Steve told us about his
first visit to Newcastle with The Style Council to appear on The Tube and how he’d been out today
visiting old haunts before introducing Passing
Through which, with lyrics, was the theme tune to The Madam Blanc Mysteries on the telly. (White’s wife, Sally
Lindsay stars in it). It’s a gentle soulful ballad, sung by Joel, all about the
first time lovers do this or that.
If
It Were All Down To Me is in the sweet spot where jazz, funk
and soul meet. Underpinned by stabbing piano with plaintiff vocals, it was
written with The Blow Monkeys’ Dr Robert as part of a collaboration called
Monks Road Social. White’s drum solo teases with repetition before he explodes
to shouts of ‘Go on, Whitey!’ from someone behind me. Ever Changing Moods is, according to Steve, a tribute to the Style
Council in the style of minimalists Khruangbin. A wailing organ gives way to
rolling, percussive piano with decorative right hand flurries before the organ
wails back in. Just Be True is a
‘soppy soul song about love’ with the repeated line “Just between us, it’s all
for you”. Soulful it is, pushed along by a heavy, rhythmic organ line.
A medley follows
combining When The Tourists Leave (about
the end of the season on the North Yorkshire coast (I’ve lived in Scarborough,
been there, seen that) with Song For Us
Dads. The first part is a melancholic piece enhanced by Hague’s acoustic
classical guitar.
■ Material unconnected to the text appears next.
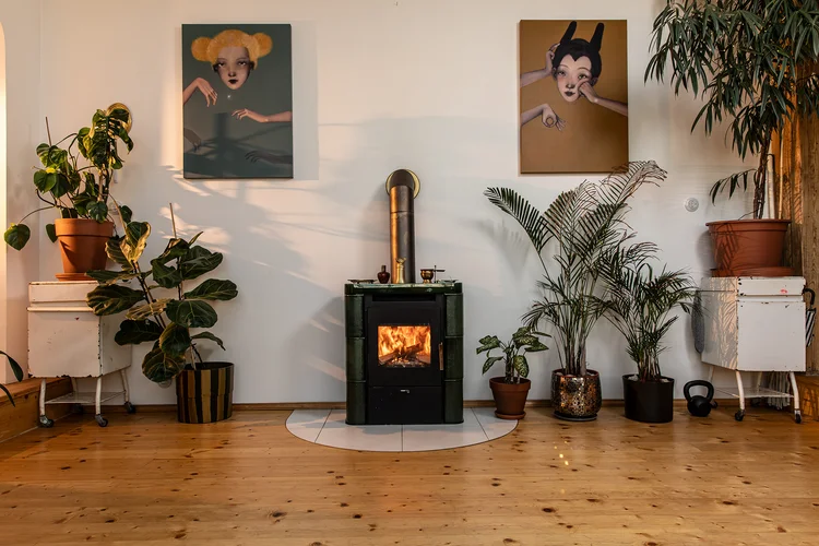 Světlé bezčasí s krbovými kamny, naše útočiště v šestém patře bez výtahu.
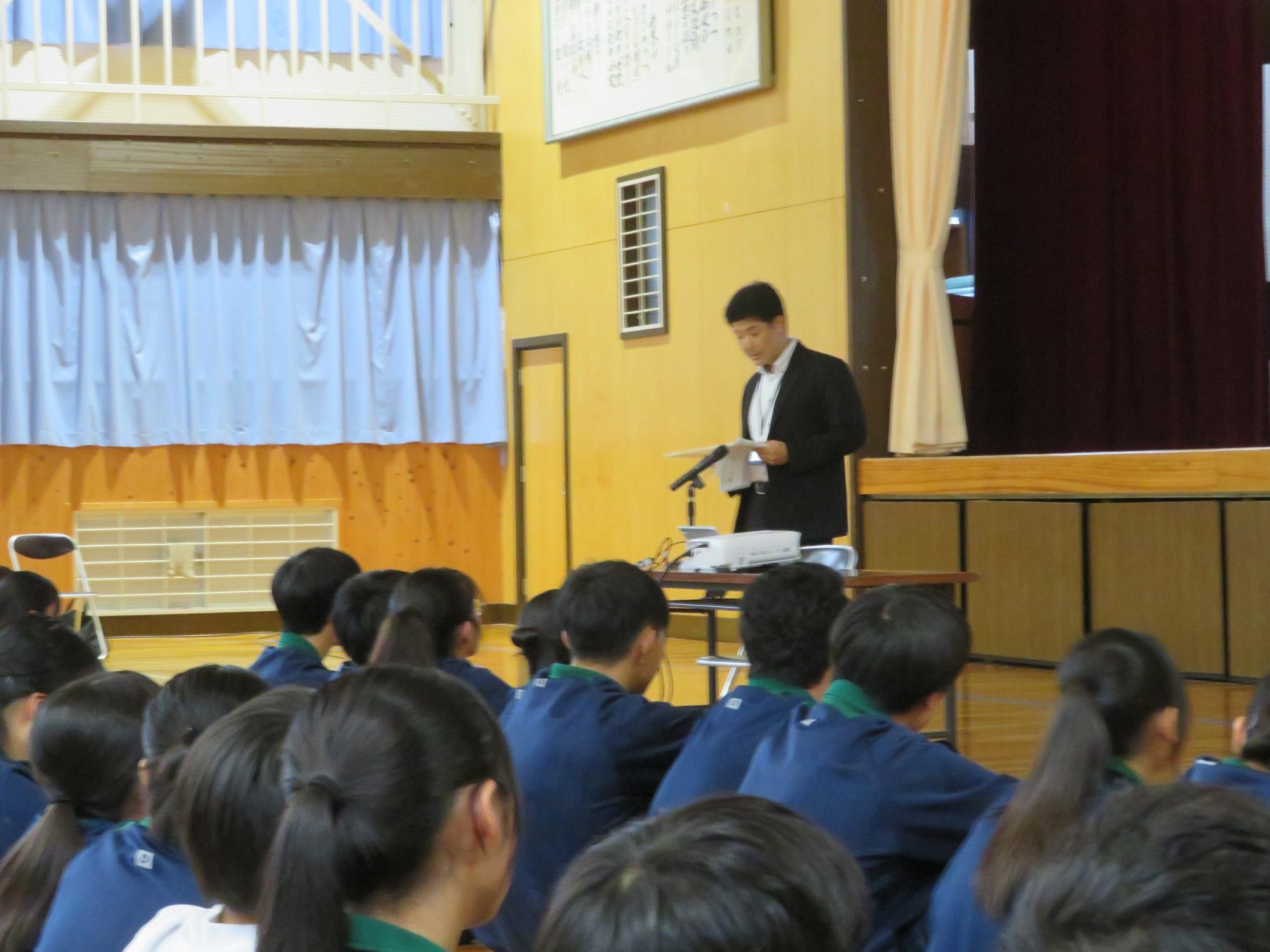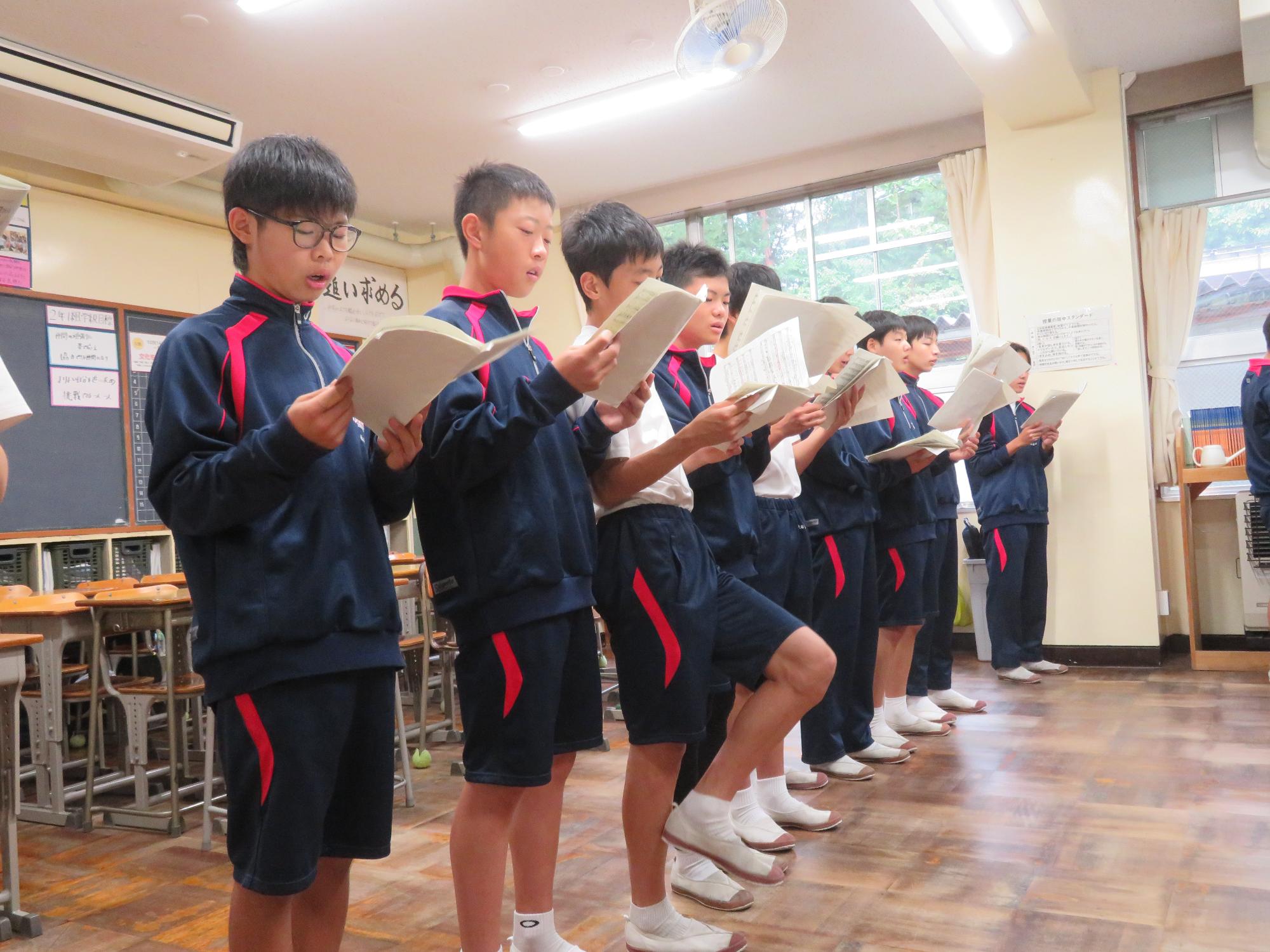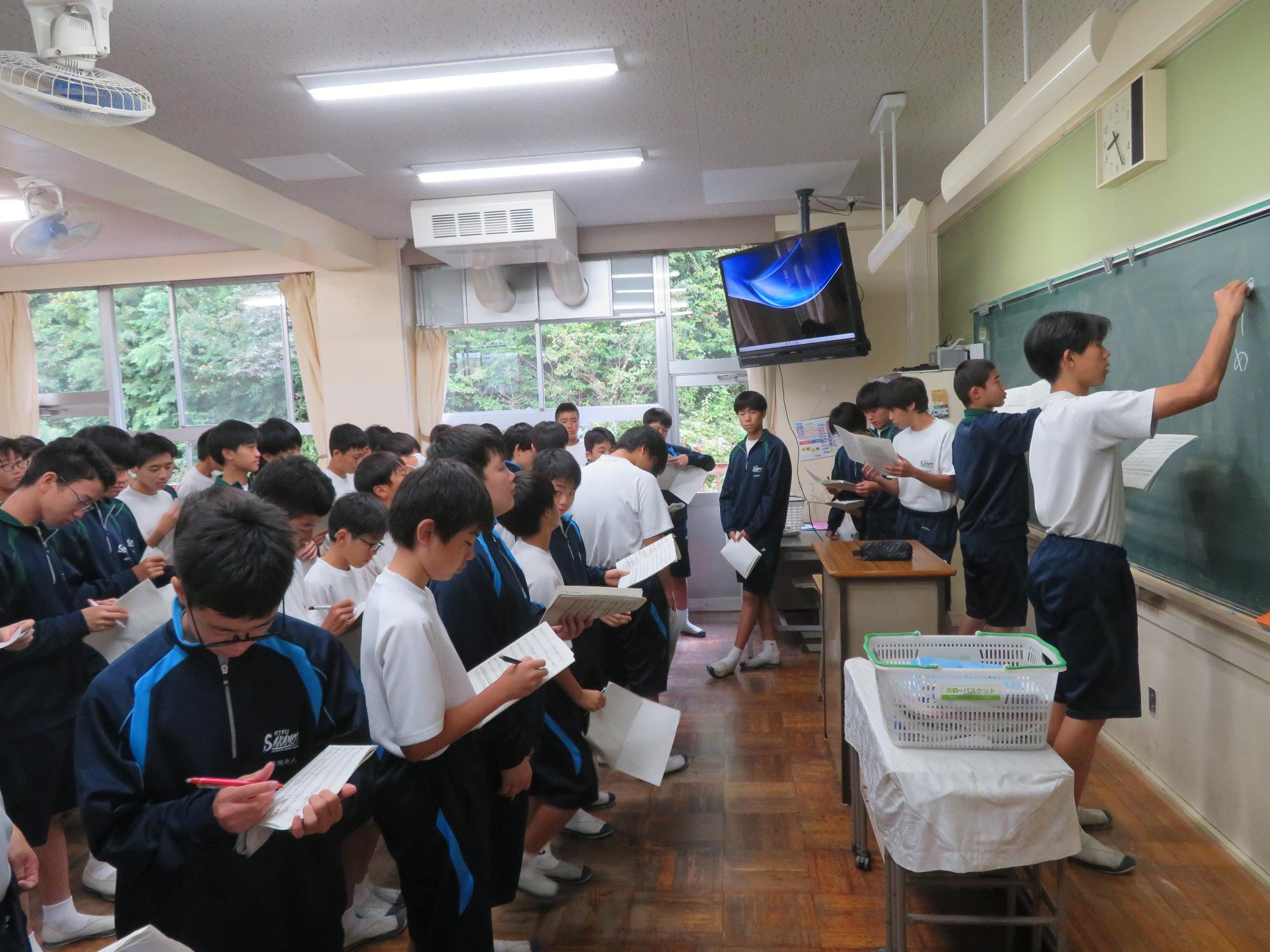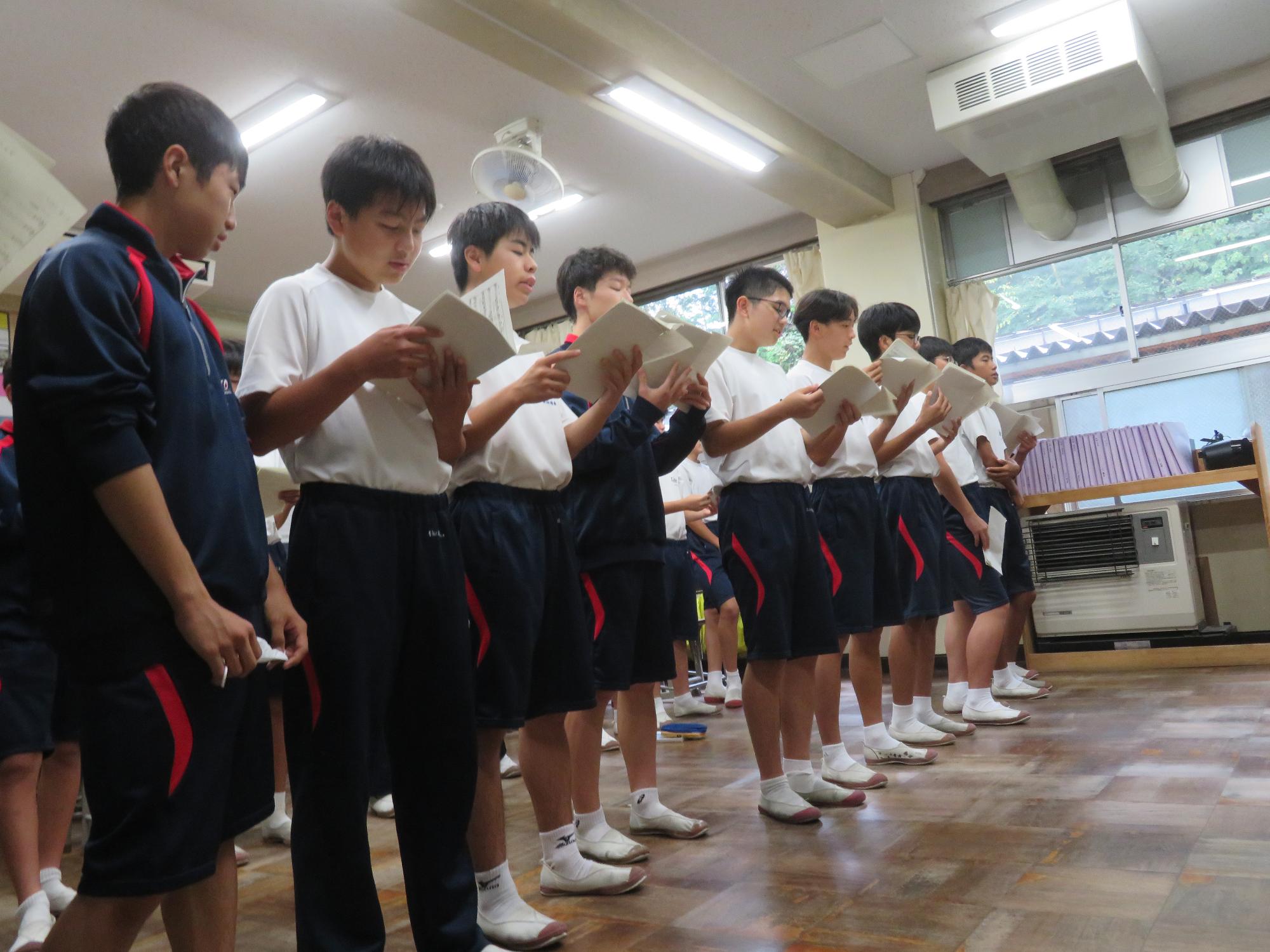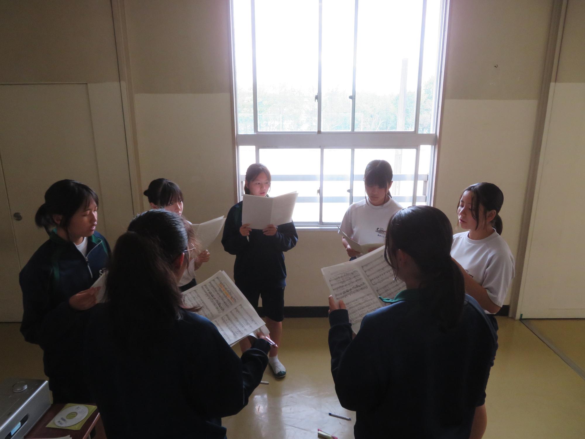 今年度、生徒会が提案した坂中3本柱。その中の『合唱』について、後期の生徒会はさらに高めようとする意気込みをもっています。その一つとして、“全校で響きのある合唱を創りたい”と誇れる全校合唱を創り出そうとしています。全校合唱の練習日を決め、各学年で練習を重ねています。またこの日、3年生は職業講話に来ていただいた県教育委員会の方にお礼として合唱を贈りました。合唱が校内の文化を高めていることが感じられる後期の坂本中学校です。

It’s all very dark, damp streets, film noir. Dads, by way of contrast swings along to
a bossa beat with the plucked guitar chiming through some lovely piano
flourishes from Joel. For the next tune support act Matt Deighton returns to the
stage to plug in an electric guitar for a piece of storming stop/start funk,
possibly called Changing. The guitar
fills the gaps and adds an edge and additional ferocity, Steve’s driving,
furious drum solo is again employing repetition and joyful release and escape.
The drum solo has raised the temperature in the room as the Trio launches into
a high tempo Nothing’s Going To Last
Forever with drums still sounding louder than they were before. This is
followed by another slab of widescreen organ led funk with Steve now charging
into his drum fills and the organ building on that.
When Deighton joined them
for Changing (?) the previous holes
in the sound became more apparent. Most organ trios have drums and organ plus
another lead instrument, usually sax or guitar to provide that contrasting
voice (with the keys taking on the extra rhythm duties) and it also works to
give another direction and more options to the music. The Trio, as it is, is
the foundation of an absolutely storming soul review; they just need a few more
instruments and a few more voices to really fill the room. (Probably too
expensive to tour such an ensemble, though).